Pre-increment operator:
(1) Increments the value of the variable by 1
(2) Returns the variable itself.
Post-increment operator:
(1) Saves the current value in a temp variable.
(2) Increments the value of the variable by 1
(3) Returns the value saved in the temp variable

printf ("%d %d %d %d",a,a++,a++,++a);
In the above printf() statement, execution happens from right to left.
"++a" is executed first, so value of "a" becomes 7 and returns "a"
"a++" is executed next, so value of "a" becomes 8 and returns "7"
"a++" is executed next, so value of "a" becomes 9 and returns "8"
latest value of "a" is 9
so after the above steps printf becomes printf("%d %d %d %d", a, 8, 7, a);
that's why output becomes 9 8 7 9

answer Oct 28, 2014 by Pradeep Kumar Nalla
Very nice explanation and deserves a recommendation. Was not knowing the concept of return and temp variable.
I have to admit it beside the of concept of sequence point and its undefined behaviour, your explanation is working exactly the say. I also don't know the concept of temp variable in case of post increment.

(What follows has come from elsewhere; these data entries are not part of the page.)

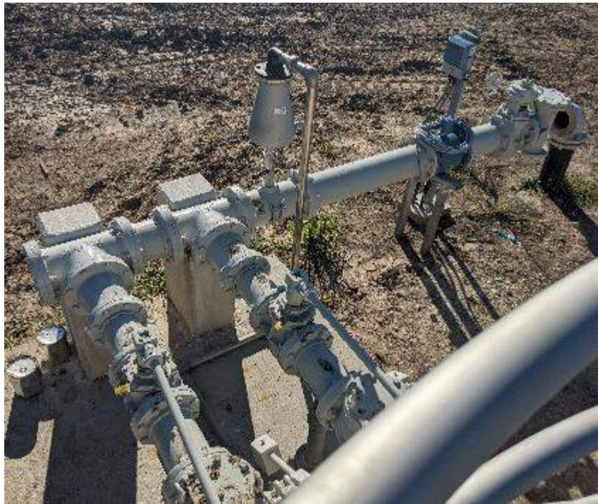
Package 2- New Discharge Piping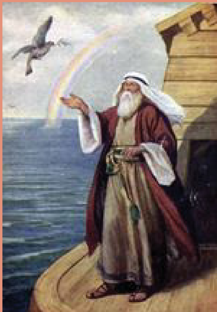
Noah and Dove of Peace

worship. The pigeon was used as a sacrifice in early history, with King Rameses III, King of Egypt, sacrificing 57,000 pigeons to the god Ammon at Thebes in 1100 BC.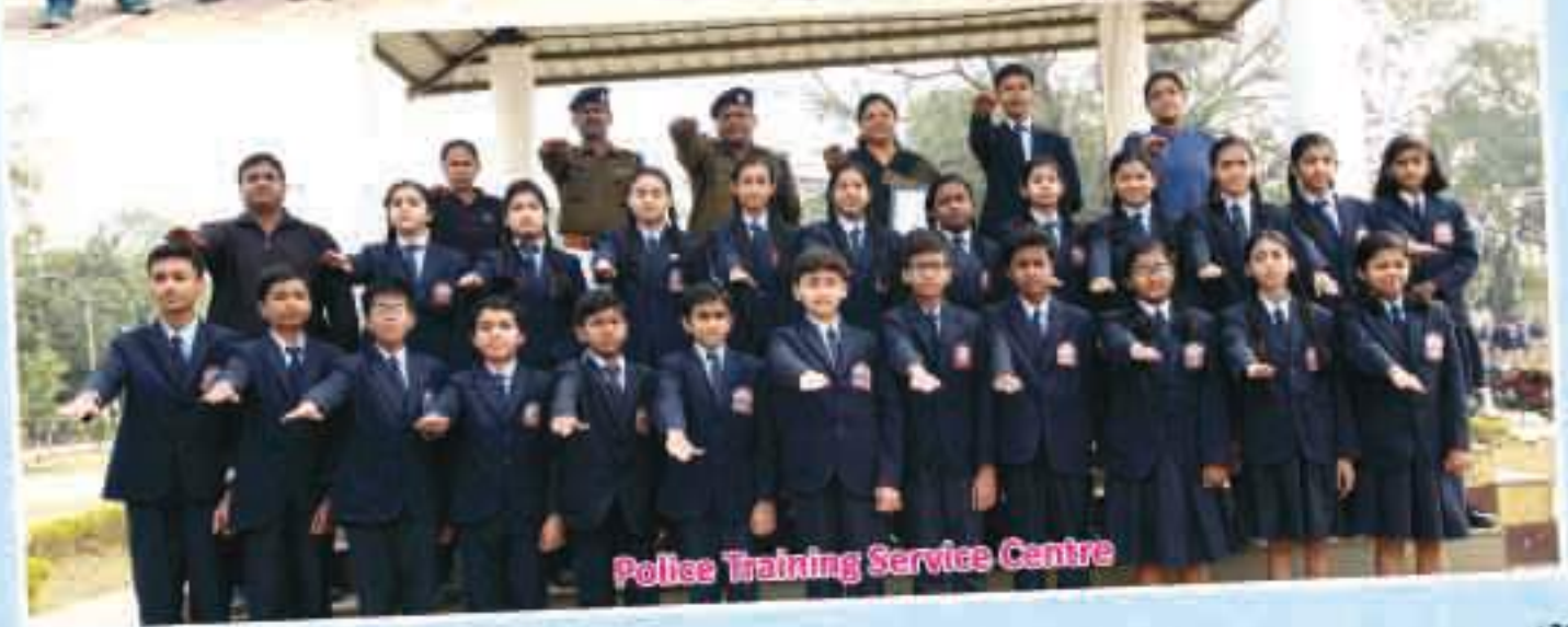
Police Training Service Centre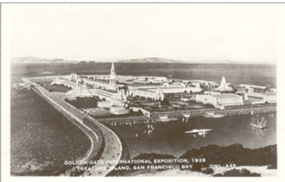
A45 ARTISTIC RENDERING OF GOLDEN GATE INT’L EXPO BY CHESLEY BONESTELL, ©1937.

Contributors: FRANK STERNAD, KATHRYN AYRES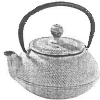
CTP0600 CAST IRON TEA POT [NIPON] (GREEN) 600ml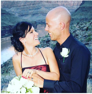
Men's Airbrush Make-Up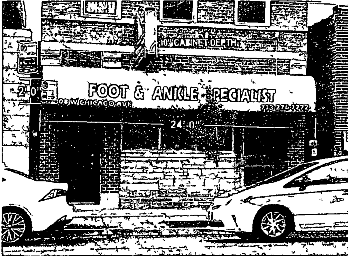
CANOPY SIGN AREA = 48 SQ FT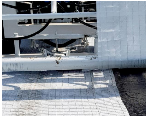
Quick to install and bond, with reduced overlay required

Contact ABG today to discuss your project specific requirements and discover how ABG past experience and innovative products can help on your project.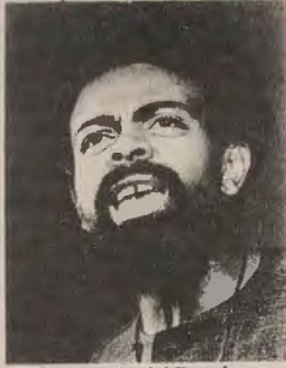
Imam Amiri Baraka

Apparently, for the white "left", Revolutionary Nationalism, and Pan-Afrikanism, have proved to be formidable enemies. Why this is, is perhaps not obvious to people who haven't thought about it before, but, for those of us a long time in the movement for National Liberation, it is very obvious. The white "left", like most whites, are addicted to the domination of colored peoples. White supremacy is an international sickness, and it shows itself whether the particular white folks pushing it call themselves "Left" or Right wing, or Democrats or Republicans.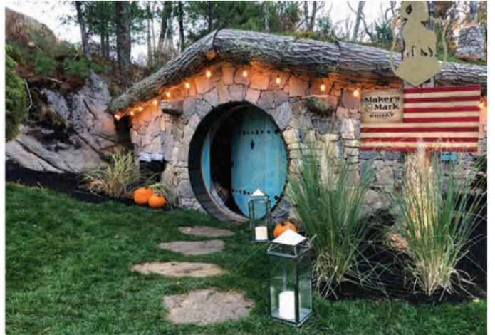
Hobbit houses in Rhode Island? Believe it or not, an enclave of adorable hobbit houses — available for events or photo shoots — are at The Preserve, an upscale sporting resort on the west side of Rhode Island. The little homes are even sanctioned by the Tolkien estate to use the name Hobbit.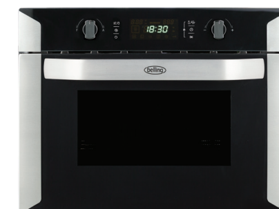
45cm integrated microwave oven and grill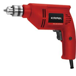
ZED005 500 W

Rated Input Power: 500 W No load speed: 0-3000 r/min Drilling Capacity: 10mm Rated Voltage: 220~240V Rated Frequency: 50/60Hz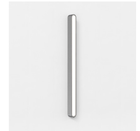
Code: 1440032 Finish: Polished Chrome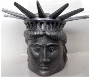
Lady Liberty indentations on her head

I still have doubt on temp variable as we follow the -Wall option says the undefined behaviour and sequence point.
It will be very helpful if have any source, link, textbook, which says the same.

any ways kudos (y).
Hi Pradeep,
I understand your explanation but I have query, When we look into the above code in perspective of sequence point concept post increment has to happen after sequence point i.e when it encounters ; or && or || or ',' operator. But here there is no such operator in printf statement but still it gets incremented. Could you please tell me the reason?
Plz refer to the below link, which is having similar explanation about the pre/post-increment operators:
http://alexkalicki.com/blog/programming/pre-vs-post-incrementation/
+1 vote

It is due the concept of sequence point, here is the wiki link on sequence point
Sequence point

There is no defined order of evaluation for the arguments of a function call, and the results might vary for each compiler.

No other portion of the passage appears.